##### Dataset section

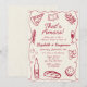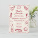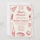 Whimsical and hand-drawn, this retro-style party design features a classic wine red colour, a playful wavy frame, and illustrations of Italian-themed cuisine. Paired with elegant hand-lettered fonts, this design is perfect for adding a touch of vintage flair to your event. Ideal for rehearsal dinners, couple’s showers, or bridal showers—especially those with a pizza or pasta party theme.
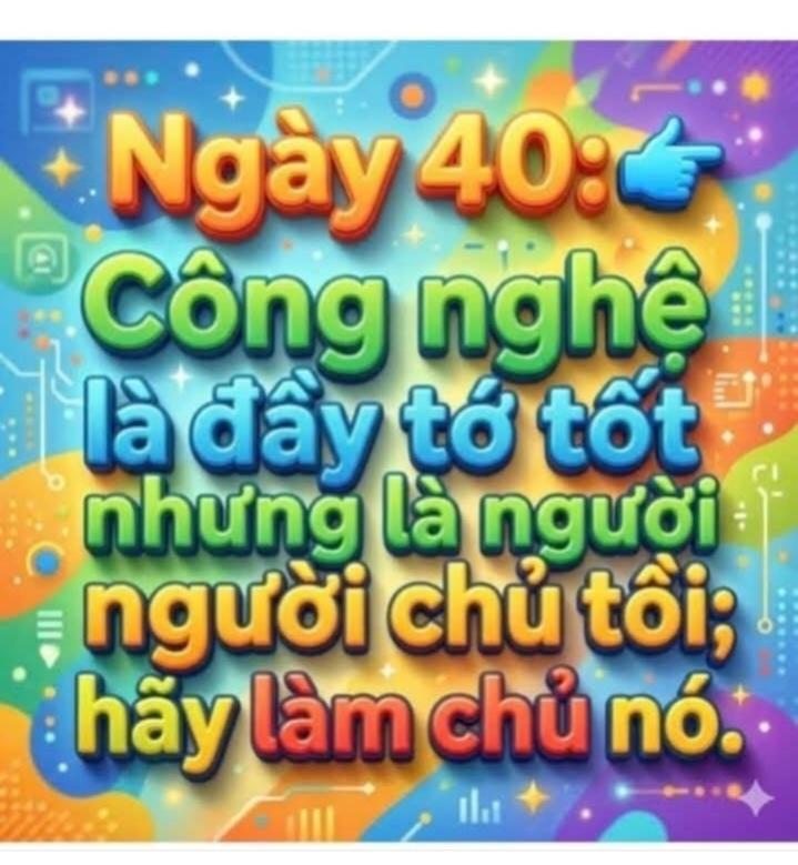 HNI 18/04 Chào các bạn! Rất vui được tiếp tục đồng hành cùng các bạn trong hành trình ý nghĩa này. Chúc các bạn một ngày mới thật nhiều cảm hứng và làm việc hiệu quả nhé!👍 Dưới đây là nội dung thông điệp cho **Ngày 40**, 💡 THÔNG ĐIỆP HỌC HỎI TRONG THỜI ĐẠI MỚI **Ngày 40: Làm chủ công nghệ** > **"Công nghệ là đầy tớ tốt nhưng là người chủ tồi; hãy làm chủ nó."** >Góc nhìn suy ngẫm:** * **Công nghệ là "đầy tớ" tốt:** Khi chúng ta sử dụng công nghệ như một công cụ để tối ưu hóa công việc, mở rộng kiến thức và kết nối giá trị, nó mang lại sức mạnh phi thường giúp ta đi xa hơn và nhanh hơn. * **Công nghệ là "người chủ" tồi:** Nếu chúng ta để các thuật toán, mạng xã hội và sự tiện nghi dẫn dắt, ta dễ rơi vào trạng thái thụ động, mất tập trung và dần đánh mất bản sắc cá nhân cũng như khả năng tư duy độc lập. * **Hãy làm chủ nó:** Sự tỉnh thức trong việc lựa chọn công cụ và phân bổ thời gian sử dụng là chìa khóa để giữ vững quyền kiểm soát cuộc sống của chính mình. Bài học thực hành:** 1. **Sử dụng có mục đích:** Trước khi cầm điện thoại hay mở máy tính, hãy xác định rõ việc cần làm. 2. **Thiết lập giới hạn:** Dành những khoảng thời gian "không công nghệ" trong ngày để tái tạo năng lượng và kết nối thực tế. 3. **Học hỏi không ngừng:** Luôn cập nhật kiến thức mới để công nghệ phục vụ cho sự phát triển của bản thân và cộng đồng. **Rèn luyện mỗi ngày – Nâng tầm vị thế!**
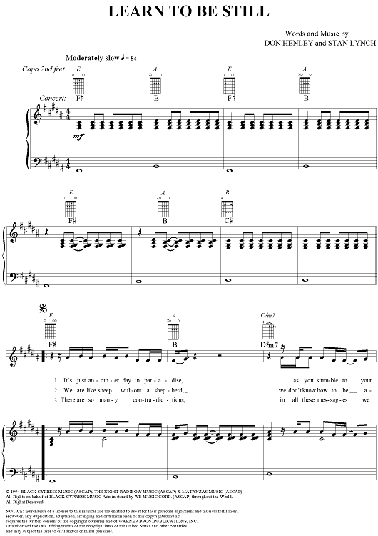 Digital Sheet Music for Learn To Be Still by Don Henley, Stan Lynch, Eagles scored for Piano/Vocal/Chords; id:112917
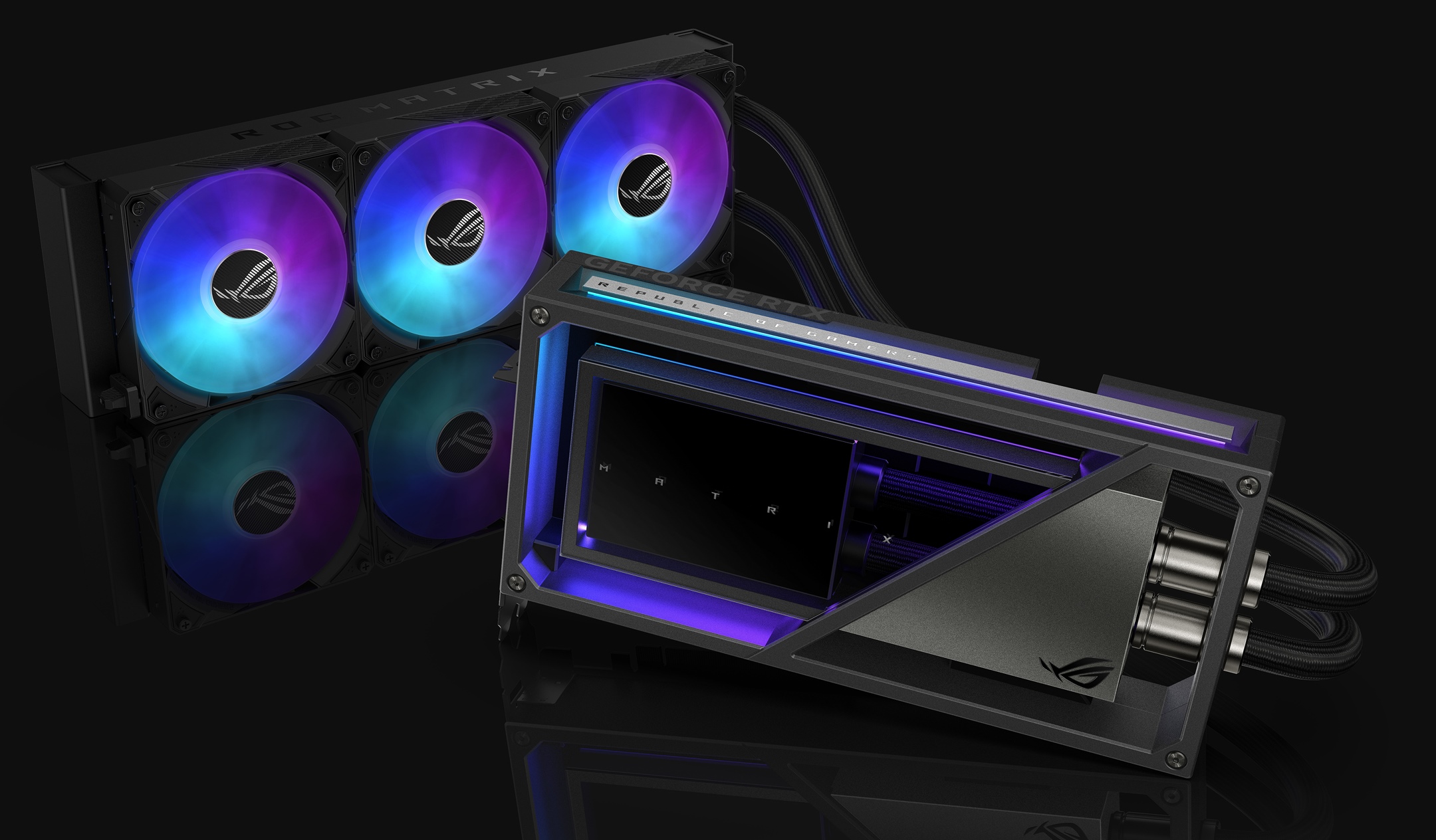 Sıvı metal harika bir yöntem olsa da ROG Matrix GeForce RTX 4090’ın sıcaklık ve gürültü seviyelerini düşük tutmak için yararlandığı kapsamlı çözümün sadece bir parçasını oluşturuyor. Kartta özel tasarlanmış, son derece kalın bir 360 mm radyatör ve onu destekleyen üç adet ROG MF-12S ARGB fan bulunuyor.

##########

# Work request:
Could you repeat all of the data exactly, minus the pictures?

# Output for this task:
 Whimsical and hand-drawn, this retro-style party design features a classic wine red colour, a playful wavy frame, and illustrations of Italian-themed cuisine. Paired with elegant hand-lettered fonts, this design is perfect for adding a touch of vintage flair to your event. Ideal for rehearsal dinners, couple’s showers, or bridal showers—especially those with a pizza or pasta party theme.
 HNI 18/04 Chào các bạn! Rất vui được tiếp tục đồng hành cùng các bạn trong hành trình ý nghĩa này. Chúc các bạn một ngày mới thật nhiều cảm hứng và làm việc hiệu quả nhé!👍 Dưới đây là nội dung thông điệp cho **Ngày 40**, 💡 THÔNG ĐIỆP HỌC HỎI TRONG THỜI ĐẠI MỚI **Ngày 40: Làm chủ công nghệ** > **"Công nghệ là đầy tớ tốt nhưng là người chủ tồi; hãy làm chủ nó."** >Góc nhìn suy ngẫm:** * **Công nghệ là "đầy tớ" tốt:** Khi chúng ta sử dụng công nghệ như một công cụ để tối ưu hóa công việc, mở rộng kiến thức và kết nối giá trị, nó mang lại sức mạnh phi thường giúp ta đi xa hơn và nhanh hơn. * **Công nghệ là "người chủ" tồi:** Nếu chúng ta để các thuật toán, mạng xã hội và sự tiện nghi dẫn dắt, ta dễ rơi vào trạng thái thụ động, mất tập trung và dần đánh mất bản sắc cá nhân cũng như khả năng tư duy độc lập. * **Hãy làm chủ nó:** Sự tỉnh thức trong việc lựa chọn công cụ và phân bổ thời gian sử dụng là chìa khóa để giữ vững quyền kiểm soát cuộc sống của chính mình. Bài học thực hành:** 1. **Sử dụng có mục đích:** Trước khi cầm điện thoại hay mở máy tính, hãy xác định rõ việc cần làm. 2. **Thiết lập giới hạn:** Dành những khoảng thời gian "không công nghệ" trong ngày để tái tạo năng lượng và kết nối thực tế. 3. **Học hỏi không ngừng:** Luôn cập nhật kiến thức mới để công nghệ phục vụ cho sự phát triển của bản thân và cộng đồng. **Rèn luyện mỗi ngày – Nâng tầm vị thế!**
 Digital Sheet Music for Learn To Be Still by Don Henley, Stan Lynch, Eagles scored for Piano/Vocal/Chords; id:112917
 Sıvı metal harika bir yöntem olsa da ROG Matrix GeForce RTX 4090’ın sıcaklık ve gürültü seviyelerini düşük tutmak için yararlandığı kapsamlı çözümün sadece bir parçasını oluşturuyor. Kartta özel tasarlanmış, son derece kalın bir 360 mm radyatör ve onu destekleyen üç adet ROG MF-12S ARGB fan bulunuyor.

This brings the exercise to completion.